Friday, November 16, 2018

Great Post on Using Small Sample Sizes to Make Decisions

It's been a busy month with little time for blogging, but I'm planning to get back on track soon. For now, here's a great post on the benefits of using small samples to inform decisions:
When it comes to statistics, there are a lot of misconceptions floating around. Even people who have scientific backgrounds subscribe to some of these common misconceptions. One misconception that affects measurement in virtually every field is the perceived need for a large sample size before you can get useful information from a measurement.

[I]f you can learn something useful using the limited data you have, you’re one step closer to measuring anything you need to measure — and thus making better decisions. In fact, it is in those very situations where you have a lot of uncertainty, that a few samples can reduce uncertainty the most. In other words, if you know almost nothing, almost anything will tell you something.
The article describes two approaches - the rule of five (taking a random sample of 5 to draw conclusions) or the urn of mystery (that a single case from a population can tell you more about the makeup of that population). The rule of five seems best when trying to get a continuous value (such as, in the example from the post, the average commute time of workers in a company), while the urn of mystery seems best when trying to determine if a population is predominantly one of two types (in the post, the example is whether an urn of marbles contains predominantly marbles of a certain color).

Obviously, there are times when you need more data. But if you're far better off making decisions with data (even very little) than with none at all.

1 comment:

  1. I appreciated the link to Hubbard's blog post. His work is new to me.

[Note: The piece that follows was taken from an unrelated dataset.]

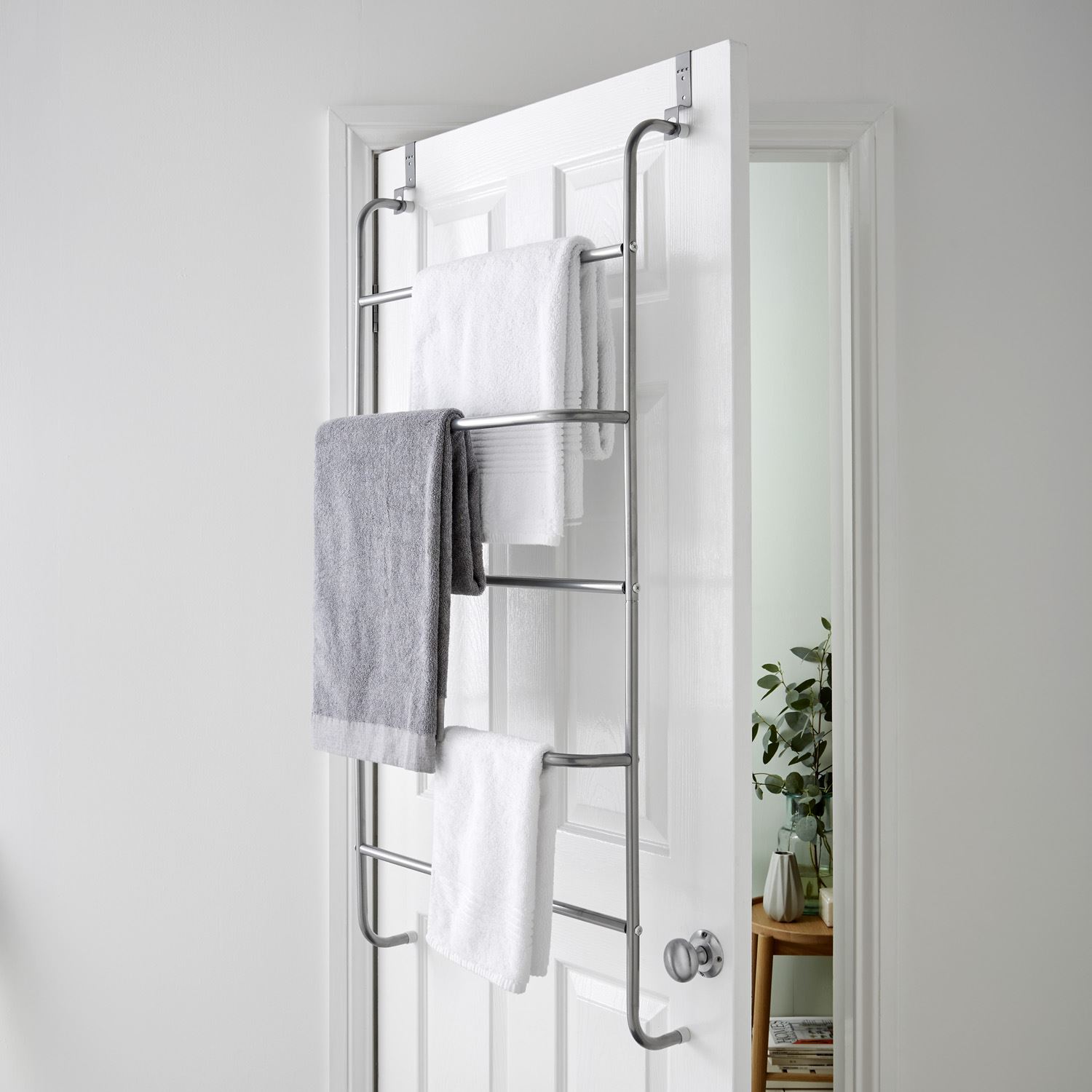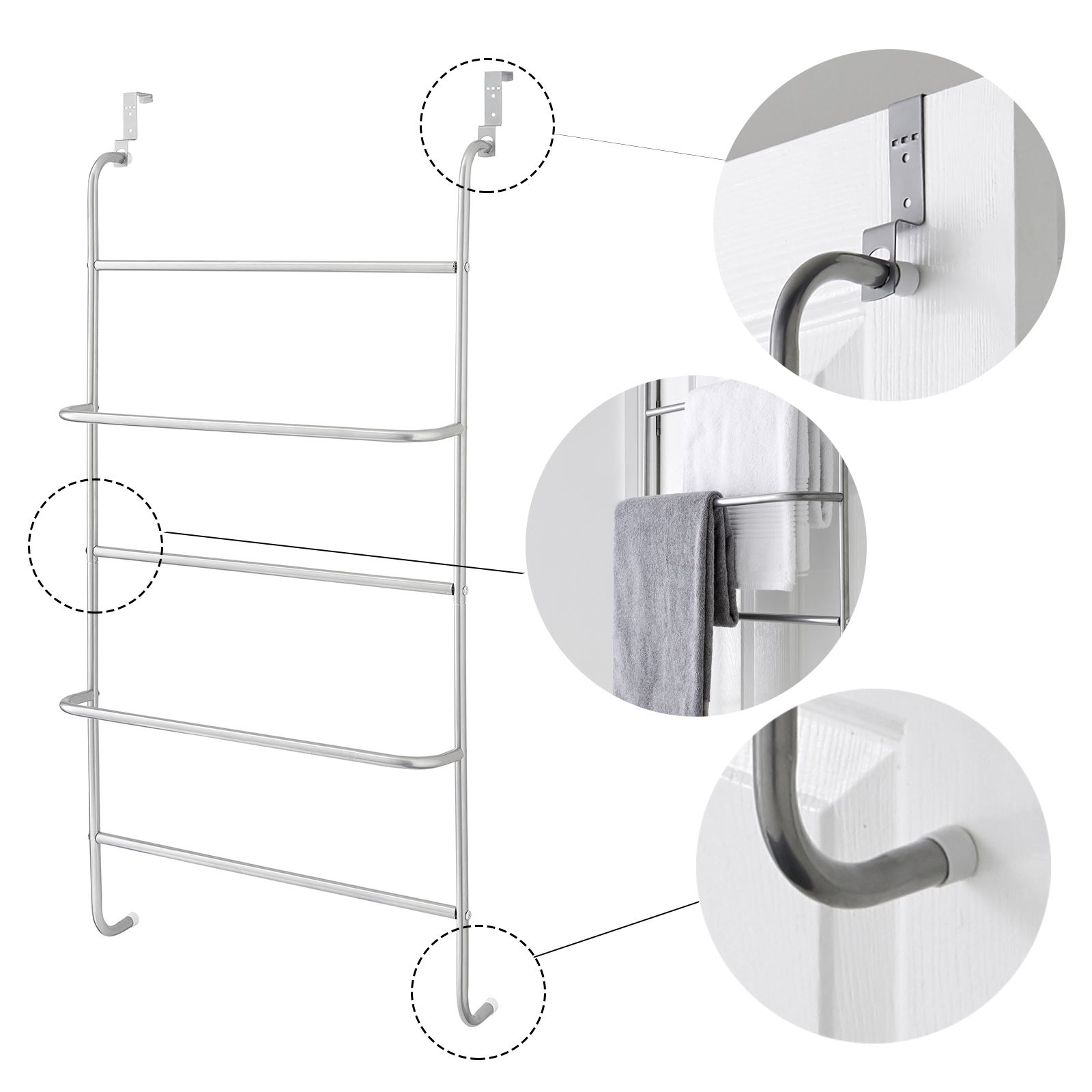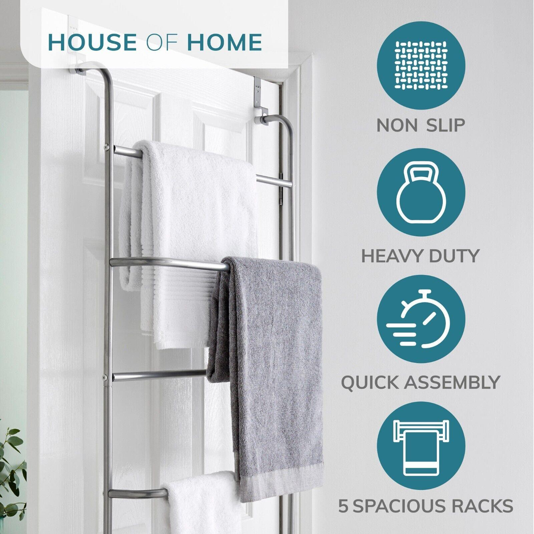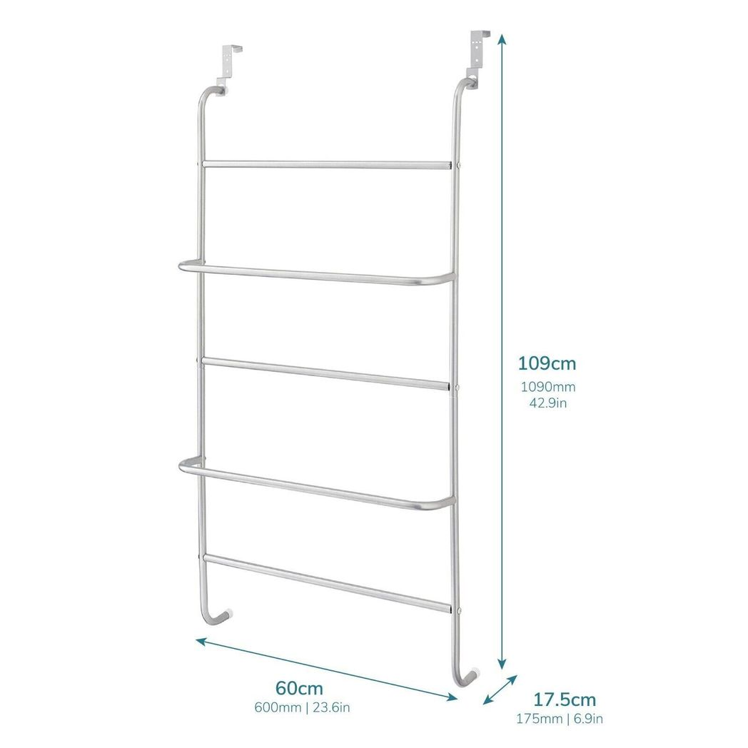 This metal clothes rack creates a practical storage space on your bathroom or bedroom door. Perfect for bath towels, hand towels or clothing.

    Per his article, I'm not sure I want to trust most conclusions derived from 5:10,000 people, or in such an instance say I know more about whatever topic is under investigation than I did prior to the "analysis." I believe the danger arises when that's all (or most) of the quantitative information incorporated in a decision-making process, or when those 5 people/sources don't meet the criterion of strict random selection--which Hubbard points out is not a high probability event when humans do the picking. I doubt, for example, that picking 5 Facebook posts about a specific topic (e.g., human-caused climate change) is likely to tell me much about the median "factfulness" of 10,000 Facebook posts on that topic.

    There are more than a few politicians who already use numbers inanely. They justify their pronouncements even though they "know almost nothing [while asserting] almost anything will tell you something." I prefer politicians (or others; think trolls) not add to the chaos. All that accomplishes is reduction of the utility of valid inferences drawn from carefully selected samples (see

    Overall, I would say Hubbard's antecedent ("[I]f you can learn something useful using the limited data you have ...") has, in practice, a limited degree of attachment to the consequent ("thus making better decisions.") I fear most people blithely leave out the middle step ("you're one step closer to measuring anything you need to measure.")

    In another vein, here's a quote from a comment on an article (about the utility of numbers and judgment in science, interestingly) linked to via Andrew Gelman's blog yesterday. I thought you might enjoy it: "For a lot of people writing is an agony; it’s a part of what we do as scholars that they least enjoy. For me writing is a complete and total joy, and if I’m not writing I’m miserable. I have always written a lot. For years, before I wrote for The New Yorker, I wrote an op-ed every day as practice and shoved it in a drawer. It’s not about being published, it’s about the desire to constantly be writing. It’s such a strongly felt need that if it was something socially maladaptive it would be considered a vice." Jill Lepore.

    Thanks for blogging,